The Faculty of Medical Sciences (Facultad de Ciencias Médicas; FMED), formerly and commonly known as the Faculty of Medicine, is the medical school of the University of Buenos Aires (UBA), the largest university in Argentina. Established in 1822 as one of the UBA's earliest divisions, FMED is presently the largest medical school in Argentina, with over 24,000 enrolled students as of 2011.

The Faculty operates most of the university's hospital network, including the Hospital de Clínicas "José de San Martín", its main teaching hospital. It also has specialized research institutes dedicated to oncological, phthisiological, and cardiological studies.

Most of the faculty's facilities are housed in a large complex located opposite Plaza Houssay, in the Buenos Aires neighborhood of Recoleta. The complex was inaugurated in 1944, and its prominence has made the area surrounding it known simply as "Facultad de Medicina".

==History==
The Department of Medicine of the University of Buenos Aires was founded less than a year after the university's creation in 1821. Dr.

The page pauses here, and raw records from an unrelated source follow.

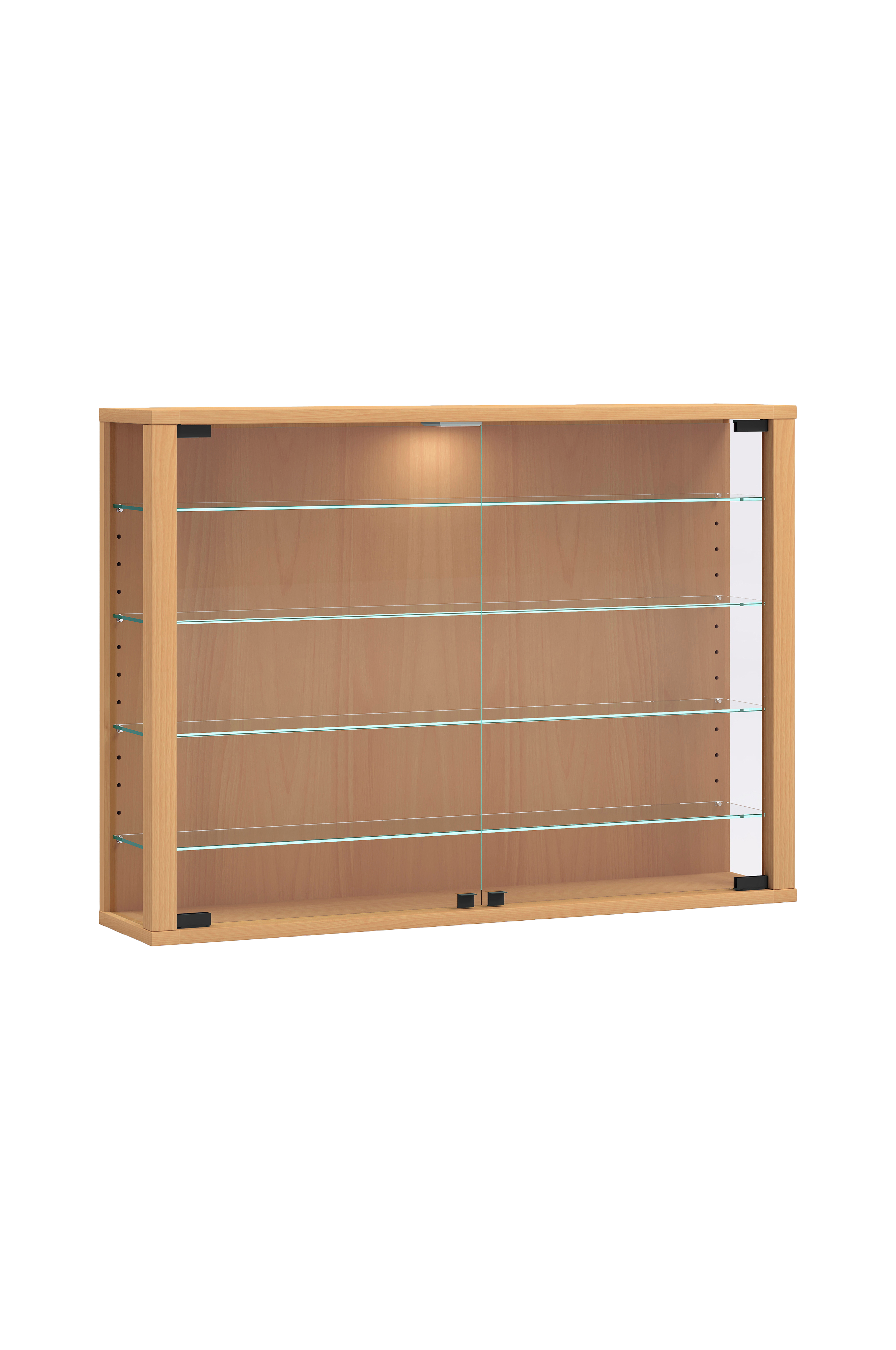 Designeren har brugt robuste træbaserede materialer til kroppen. Dørene er lavet af hærdet sikkerhedsglas, som giver øget slag- og stødmodstand. Vitrineskabet forvandler enhver væg til et absolut blikfang.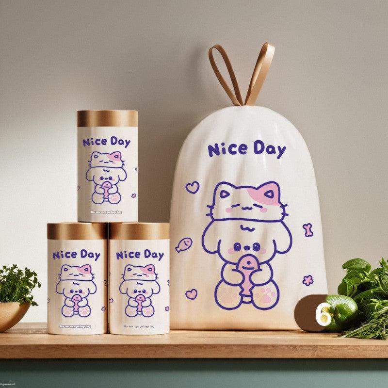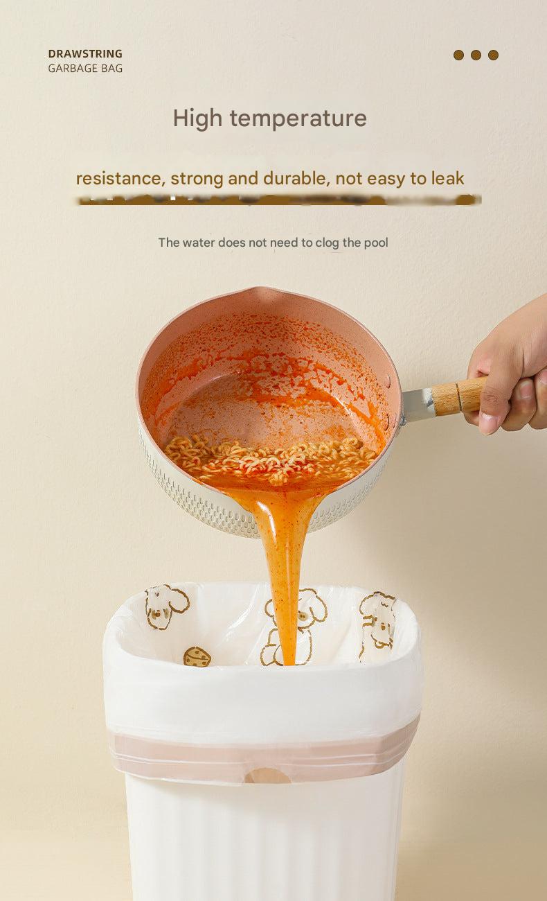 Heavy-Duty Drawstring Kitchen Trash Bags - Tear-Resistant, Odor-Free, Automatic-Closure Plastic Bags for Home Use
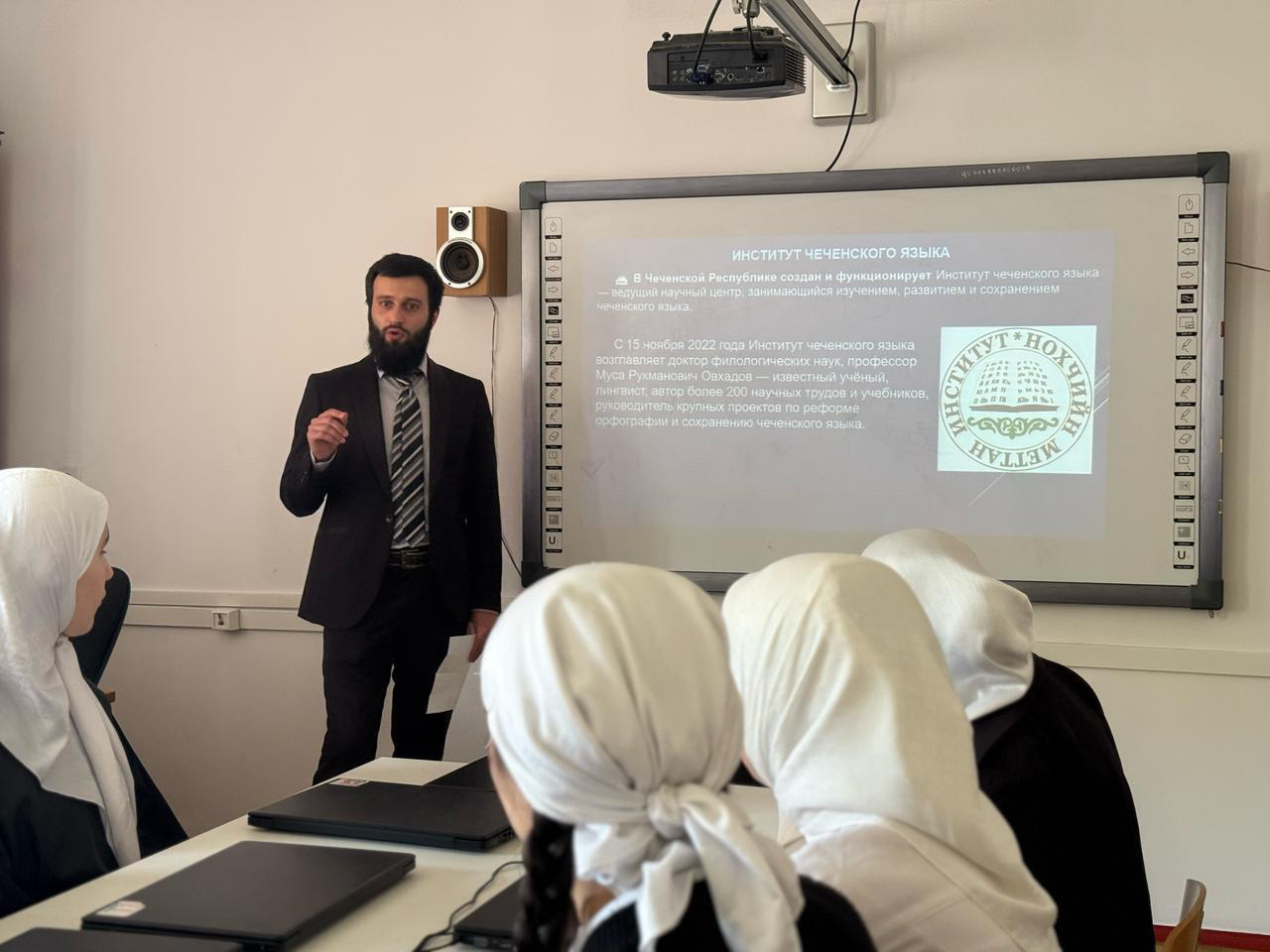 «Право на пользование родным языком», приуроченный ко Дню чеченского языка, который отмечается 25 апреля. Цель урока заключалась в формировании правовой культуры учащихся, развитии уважительного отношения к языковому и культурному разнообразию, а также повышении осознания важности сохранения и развития родного языка в современном обществе.

Cristóbal Martín de Montúfar was the department's first prefect. A total of three subjects were imparted by the department: Medical Institutions, taught by Juan Antonio Fernández; Surgical Institutions, taught by Cosme Argerich; and Medical and Surgical Clinics, under Francisco de Paula Rivero. Most textbooks and materials used in the department's early years was almost exclusively of French or Italian origin, due to the influence of two renown researchers: Aimé Bonpland and Pedro Carta Molino. The first class of medical graduates received their degree in 1827.

The fall of the regime of Juan Manuel de Rosas revitalized the university, which had suffered budget cuts and persecution at the hands of the caudillo. For a period of time, the Medical School was separated from the university and depended directly of the Buenos Aires Province government. A decree issued in October 1852 mandated the creation of the Consejo de Higiene Pública ("Public Hygiene Council"), which re-established the old Academy of Medicine and granted it faculty status. Its first president (dean) was Dr. Juan Antonio Fernández, who was replaced two years later by Dr. Francisco Javier Muñiz. Teaching and training was carried out at the Hospital de Hombres building, next to the Church of San Pedro Telmo. The following years saw a rapid reorganization process, which resulted in the inauguration of the faculty's first dedicated building in 1858, and the foundation of the faculty's library in 1863 under Juan José Montes de Oca. Several new subjects were created as well, following the cue of the University of Paris Faculté de médecine.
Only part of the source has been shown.